/sinkhorncf

Primary LanguagePython

Code organization

  • julia/costMatrix.jl generates the items cost matrix from the training datasets.
  • utils/util.py holds the utility functions like read, split, and performance measures (ndcg, recall).
  • utils/movideLens.py and utils/netflix.py are two preprocessing scripts.
  • tch/sinkhorn.py implements the accelerated Sinkhorn loss in a numerical stable way.
  • tch/model.py implements the models used in train.py and evaluation.py
  • tch/train.py trains and saves the best model in terms of ndcg@100 on validation datasets.
  • tch/evaluation.py evaluates the best model performance on testing datasets.

Prerequisite

  • Ubuntu OS 18.04

  • Julia 1.5

  • Python 3.8 + PyTorch 1.5

  • Run command like julia -e 'using Pkg; Pkg.add("CSV")' to add all required packages which can be found in julia/costMatrix.jl.

Datasets and preprocessing

Once the datasets are downloaded, put them into an appropriate locations and rename the unzipped folder names, e.g., the code uses "/home/xx/data/ml-20m".

You are supposed to replace xx with your username in the path /home/xx/data/... in julia/costMatrix.jl, utils/movieLens.py, utils/netflix.py, tch/train.py, tch/evaluation.py.

  • Run the script python -m utils.movieLens to get the input data for the model.

This will generate files unique_sid.txt, train.csv, validation_tr.csv, validation_te.csv, test_tr.csv, test_te.csv.

  • unique_sid.txt is used for helping to read train.csv and it is optional.

  • train.csv contains the training data.

  • validation_tr.csv is used as input for the model in validation stage.

  • validation_te.csv is used for testing the model output in validation stage.

  • test_tr.csv, test_te.csv are the same as validation_tr.csv, validation_te.csv but used in testing stage.

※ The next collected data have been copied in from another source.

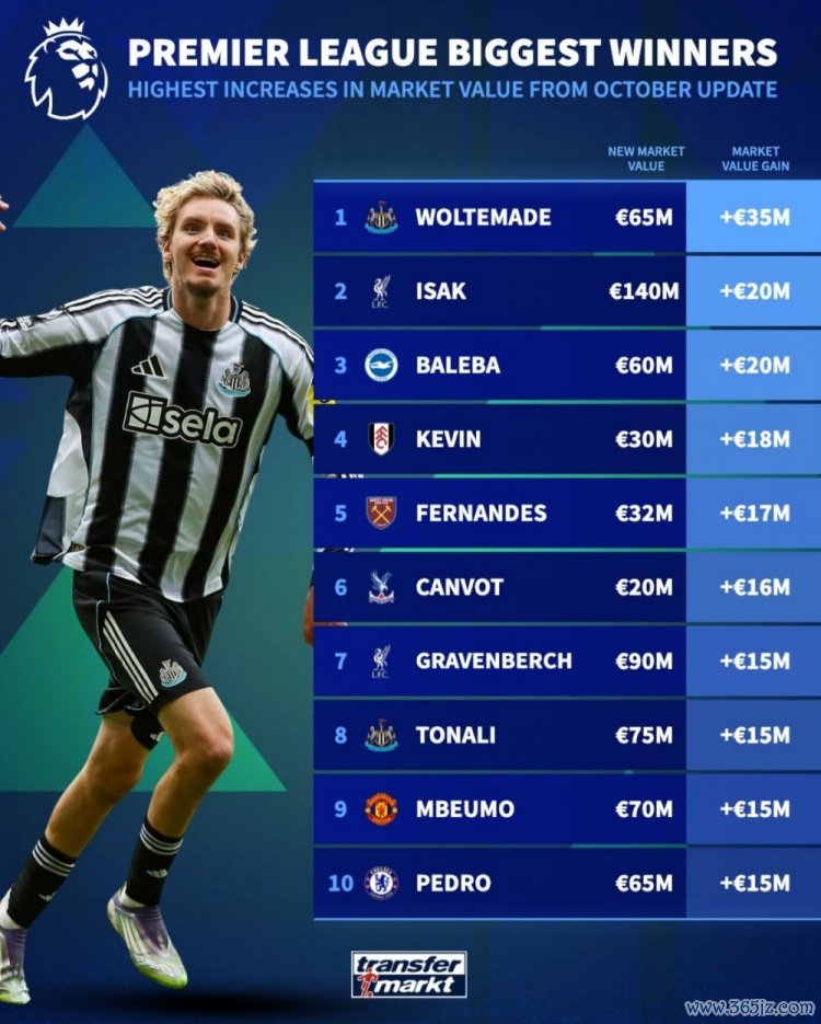 10月17日讯 德转更新了英超球员身价,并盘点了本次身价涨幅最大的10名球员,具体如下(现身价,涨幅):
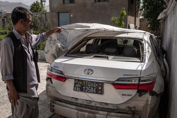 The car in which Fatima Khalil, a human rights worker, and her driver, Ahmad Jawid Folad, were killed, in Kabul on June 28. Khalil joins a long list of young Afghans who died trying to help their country.JIM HUYLEBROEK/The New York Times News Service
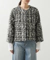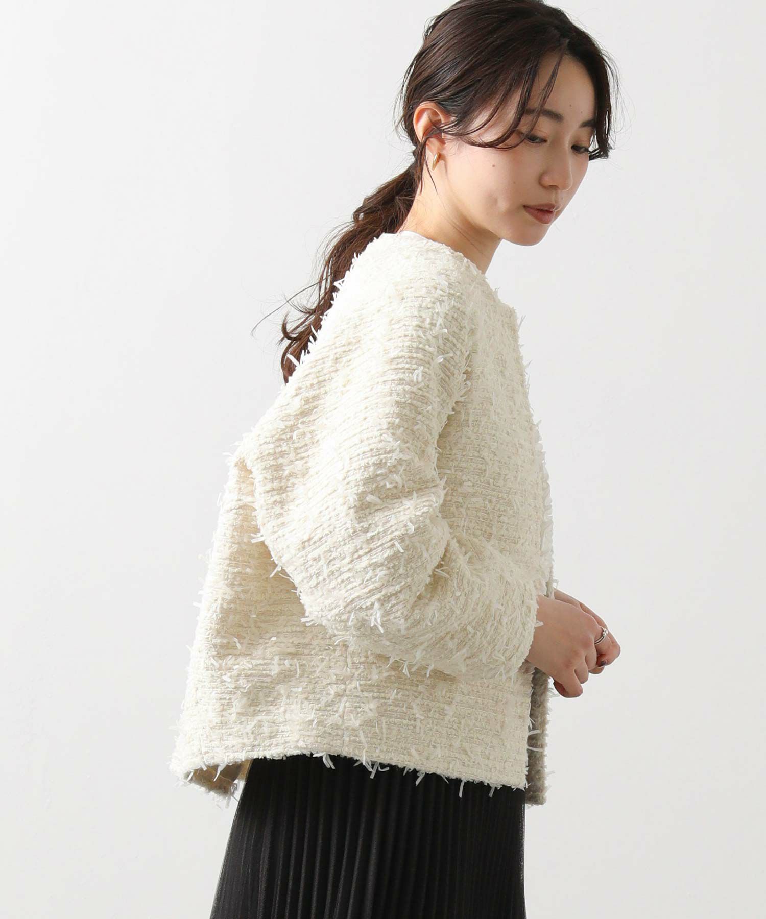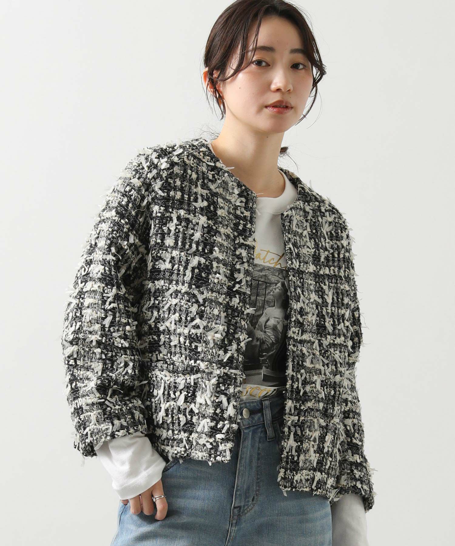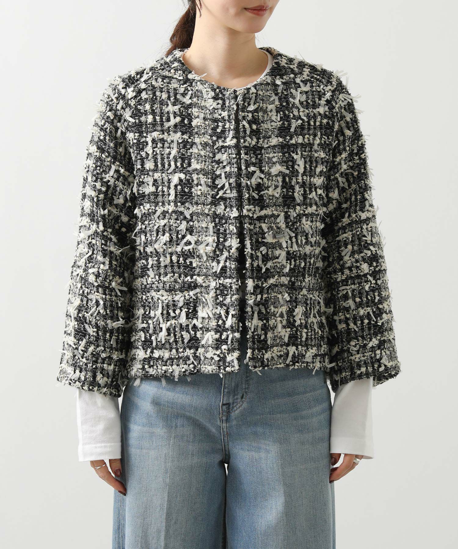 ツイードジャケット特有のカチッとした着難さをなくした、ラグランスリーブと丸みのあるシルエット、身幅もゆったりしているので窮屈感なく柔らかい印象で着用できます。
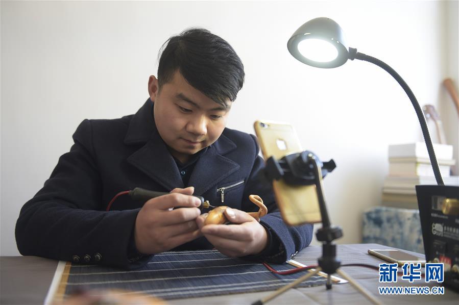 12月18日,劉征在自己的加工坊里通過(guò)手機(jī)直播展示葫蘆創(chuàng)作技藝。 新華社記者 魯鵬 攝
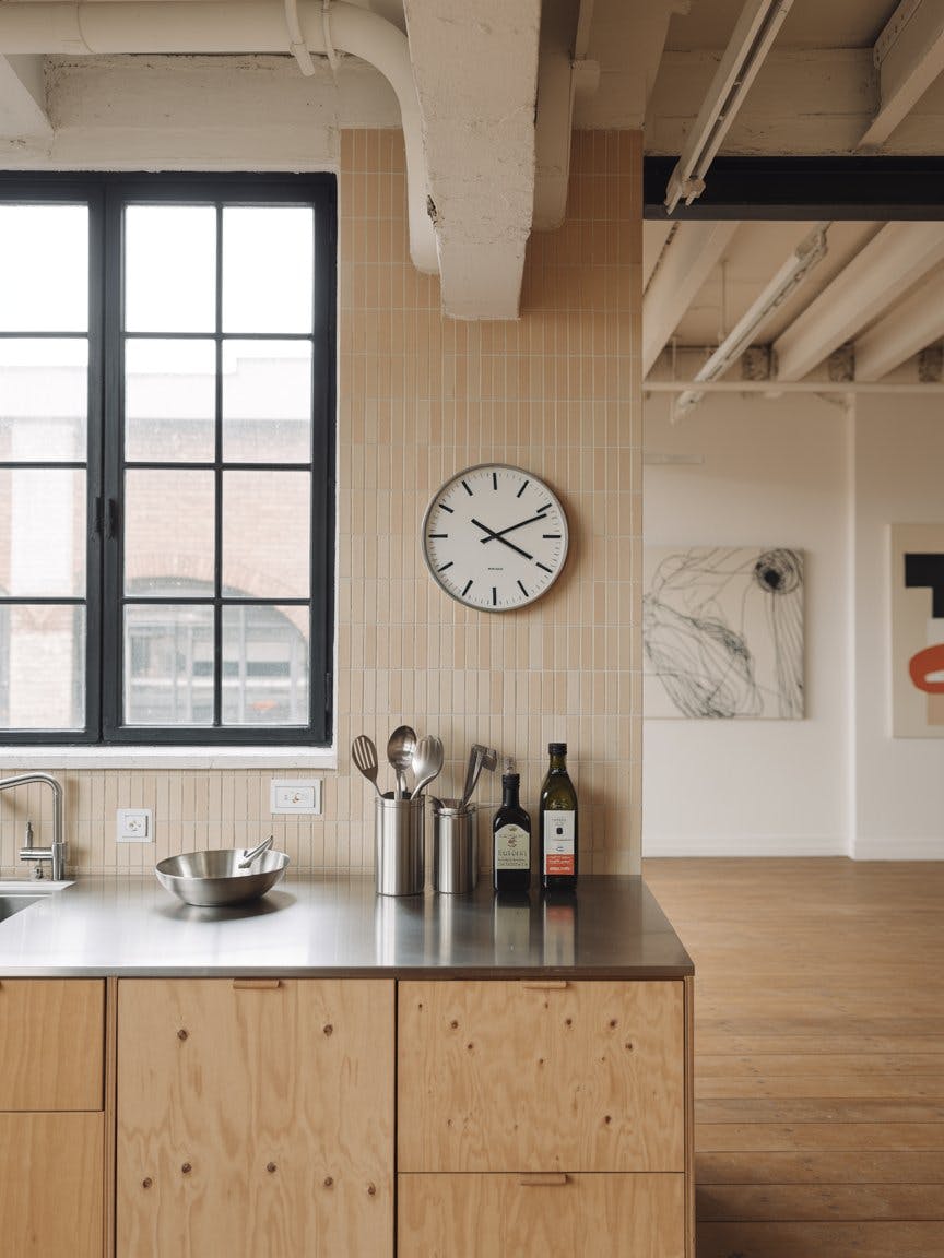 Modern industrial loft kitchen with utilitarian design and minimalist aesthetic
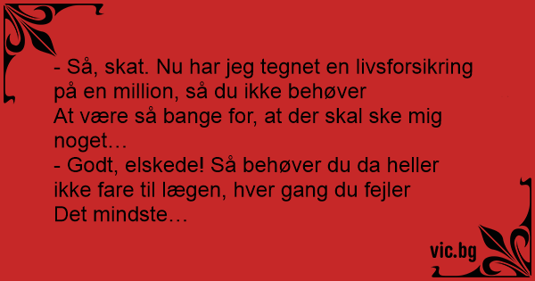 - Så, skat. Nu har jeg tegnet en livsforsikring på en million, så du ikke behøver
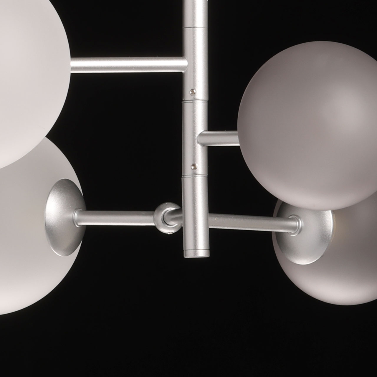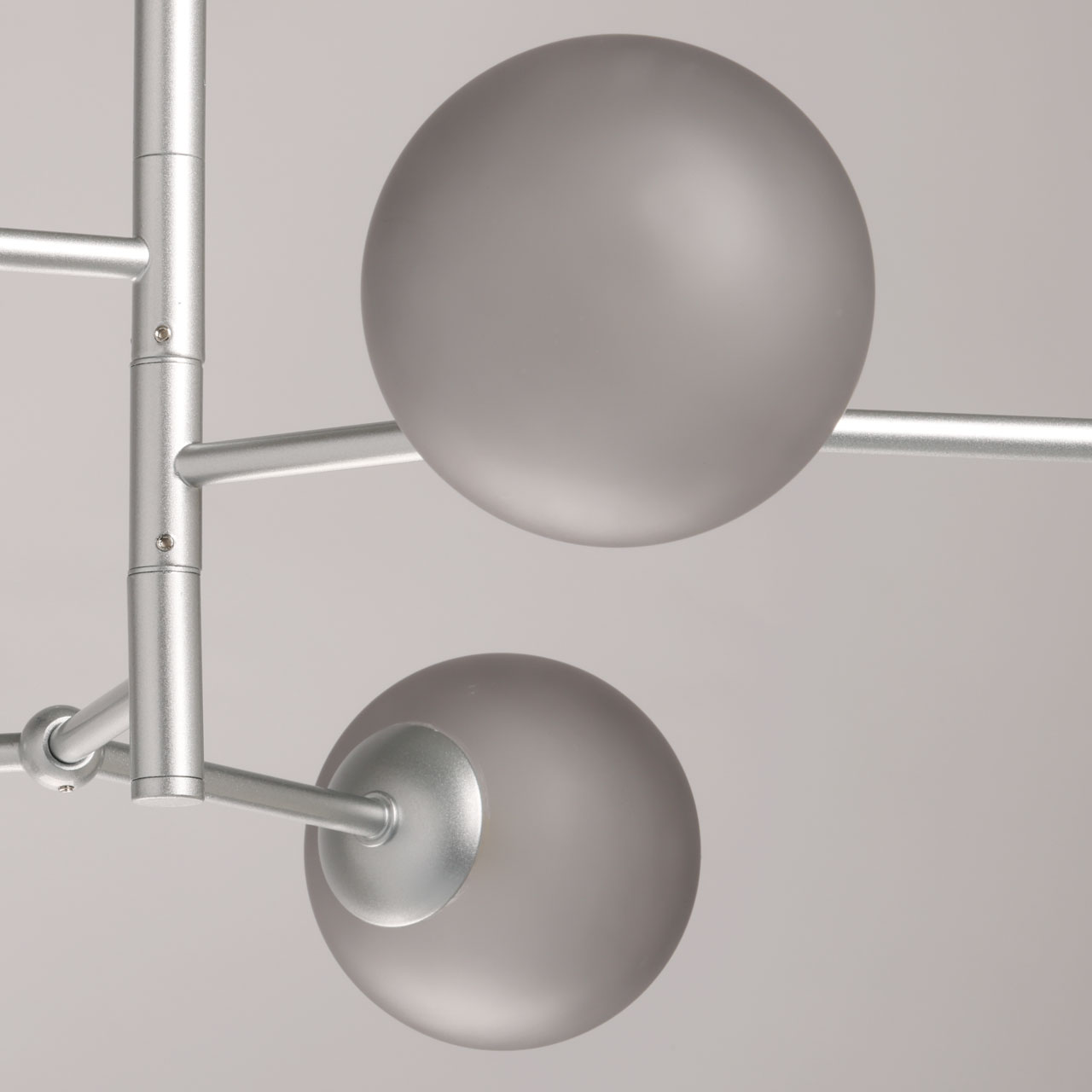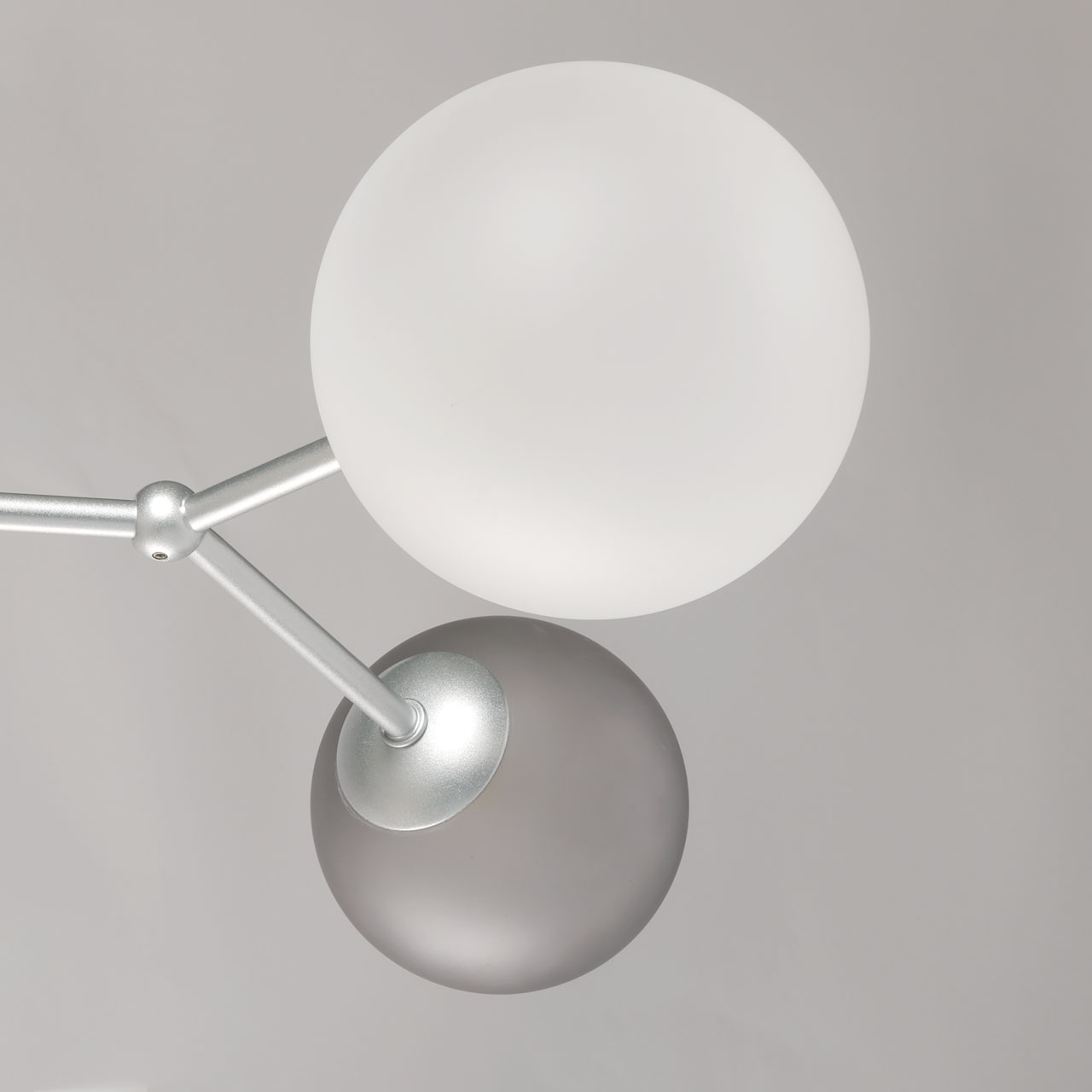 Металлическое основание люстры окрашено в цвет перламутрового серебра. Источники света закрыты стеклянными плафонами белого и дымчатого цвета.

  • Run julia julia/costMatrix.jl --dataset ml-20m --datasize large to produce item cost matrix.

Train and evaluation

  • Run python -m tch.train -dataset ml-20m to train the model.

  • Run python -m tch.evaluation -dataset ml-20m to evaluate the model using the best model obtained in the training.

The best model obtained in training will be saved by default at /tmp/torch/sinkhorncf/{dataset}/large/model.pt.